6. The method of claim 1, wherein step (c) includes the steps of:

(c1) when the device crosses a previous moving fence, creating the moving fence;

(c2) when the device crosses the new moving fence, creating a subsequent moving fence;

(c3) determining a new position;

(c4) establishing the new moving fence boundary.

7. The method of claim 1, wherein step (e) includes the step of:

(e1) when the device has moved the predetermined number of moving fences and has not been within the moving fence for the predetermined amount of time, the position message is not transmitted.

8. The method of claim 1, further including the steps of:

(e1) when a predetermined amount of time has elapsed, transmitting the position message.

9. The method of claim 1, further including the steps of:

(e1) when the device has moved a predetermined number of moving fences, transmitting the position message.

10. The method of claim 1, wherein step (e) includes the step of:

(e1) when the device has not moved the predetermined number of moving fences and has been within the moving fence for the predetermined amount of time, the position message is not transmitted.

11. The method of claim 1, wherein step (b) includes the step of:

(b1) crossing a previous moving fence.

12. The method of claim 1, further including the steps of:

(f) receiving the position message at a monitoring site;

(g) determining if the device is within a defined area.

13. The method of claim 1, wherein the position message further comprises a time, a location, and an equipment identification information.

14. A method of operating a site fence system, comprising the steps of:

(a) defining a monitoring area;

(b) determining when a device enters and departs the monitoring area;

(c) determining if the device is within the monitoring area; and

(d) when the device is within the monitoring area, adding the device to a catalog list.

15. The method of claim 14, further including the step of:

(e) receiving a position message, including a device's engine hours.

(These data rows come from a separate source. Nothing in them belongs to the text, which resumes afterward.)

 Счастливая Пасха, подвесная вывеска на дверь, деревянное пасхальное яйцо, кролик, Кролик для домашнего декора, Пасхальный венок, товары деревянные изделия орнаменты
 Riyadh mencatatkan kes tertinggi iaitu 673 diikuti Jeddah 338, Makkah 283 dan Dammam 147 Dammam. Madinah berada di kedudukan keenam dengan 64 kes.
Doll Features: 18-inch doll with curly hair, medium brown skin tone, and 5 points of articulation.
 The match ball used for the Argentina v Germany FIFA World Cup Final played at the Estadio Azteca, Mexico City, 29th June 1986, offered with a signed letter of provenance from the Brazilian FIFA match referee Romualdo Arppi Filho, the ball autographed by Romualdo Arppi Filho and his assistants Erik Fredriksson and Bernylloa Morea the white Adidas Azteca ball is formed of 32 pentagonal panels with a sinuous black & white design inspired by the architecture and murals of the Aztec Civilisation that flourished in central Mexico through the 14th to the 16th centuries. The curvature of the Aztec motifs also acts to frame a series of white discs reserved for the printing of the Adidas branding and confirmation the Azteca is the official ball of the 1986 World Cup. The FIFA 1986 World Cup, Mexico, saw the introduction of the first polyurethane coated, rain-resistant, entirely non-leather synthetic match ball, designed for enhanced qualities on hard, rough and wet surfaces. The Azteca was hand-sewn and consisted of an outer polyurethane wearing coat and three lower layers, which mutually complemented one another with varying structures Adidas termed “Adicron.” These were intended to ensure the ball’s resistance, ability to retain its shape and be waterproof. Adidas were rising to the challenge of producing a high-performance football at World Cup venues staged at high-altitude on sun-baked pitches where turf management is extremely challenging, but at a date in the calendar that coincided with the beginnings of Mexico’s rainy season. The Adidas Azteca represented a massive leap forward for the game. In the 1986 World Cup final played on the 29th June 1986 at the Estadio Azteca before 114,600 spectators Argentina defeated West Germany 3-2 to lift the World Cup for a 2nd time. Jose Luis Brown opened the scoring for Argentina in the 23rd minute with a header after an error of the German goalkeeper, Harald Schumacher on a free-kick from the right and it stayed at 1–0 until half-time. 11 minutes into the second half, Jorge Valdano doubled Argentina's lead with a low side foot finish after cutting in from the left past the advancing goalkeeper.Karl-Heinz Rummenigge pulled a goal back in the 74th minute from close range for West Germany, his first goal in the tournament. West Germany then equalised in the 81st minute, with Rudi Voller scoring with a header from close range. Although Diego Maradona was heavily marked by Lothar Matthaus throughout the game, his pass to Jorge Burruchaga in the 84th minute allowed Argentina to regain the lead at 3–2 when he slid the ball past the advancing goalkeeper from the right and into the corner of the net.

16. The method of claim 15, further including the steps of:

(f) comparing the device's engine hours to a predetermined maintenance interval; and

(g) when the device's engine hours meets or exceeds the predetermined maintenance interval, alerting the monitoring site.

17. The method of claim 14, further including the step of:

(e) when a device crosses a site fence, transmitting a position message.

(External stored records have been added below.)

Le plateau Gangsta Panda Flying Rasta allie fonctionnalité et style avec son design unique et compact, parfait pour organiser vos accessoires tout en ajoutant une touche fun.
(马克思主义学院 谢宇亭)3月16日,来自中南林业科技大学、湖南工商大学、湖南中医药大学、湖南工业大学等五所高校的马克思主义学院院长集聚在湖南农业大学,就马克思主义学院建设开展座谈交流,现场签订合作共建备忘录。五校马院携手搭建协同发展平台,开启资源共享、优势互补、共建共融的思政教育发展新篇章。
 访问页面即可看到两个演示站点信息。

18. The method of claim 14, wherein step (a) includes the step of:

(a1) when a base station establishes the monitoring area, cataloguing and transmitting the description of the monitoring area to the device.

19. The method of claim 14, wherein step (b) includes the step of:

(b1) when the device crosses into the monitoring area, transmitting an entry message.

20. The method of claim 14, wherein step (b) includes the step of:

(b1) when the device crosses the monitoring area, transmitting a date and time.

21. The method of claim 14, wherein step (b) includes the step of:

(b1) when the device crosses out of the monitoring area, transmitting a departure message.

22. A method of operating a moving fence system, comprising the steps of:

(a) recording a reported position of a device;

(b) when the device has satisfied a reporting criteria, transmitting a position message;

(c) storing the position message at the device;

(d) discarding the reported position.

23. The method of claim 22, wherein the reporting criteria comprises the device crossing a moving fence and traveling a predetermined distance.

24. The method of claim 22, wherein the reporting criteria includes the device crossing a predetermined number of moving fences.

25. The method of claim 24 wherein the predetermined number of moving fences is a single moving fence.

26. The method of claim 22, wherein the reporting criteria comprises the device crossing a predetermined number of moving fences and being within a moving fence for a predetermined amount of time.

27. The method of claim 22, wherein the reporting criteria comprises a predetermined period of time.

28. The method of claim 22, wherein step (b) further includes the steps of:

(b1) determining a received signal strength for a wireless communication system;

(b2) when the received signal strength is less than a predetermined signal strength, switching to a second wireless communication system and sending the position message.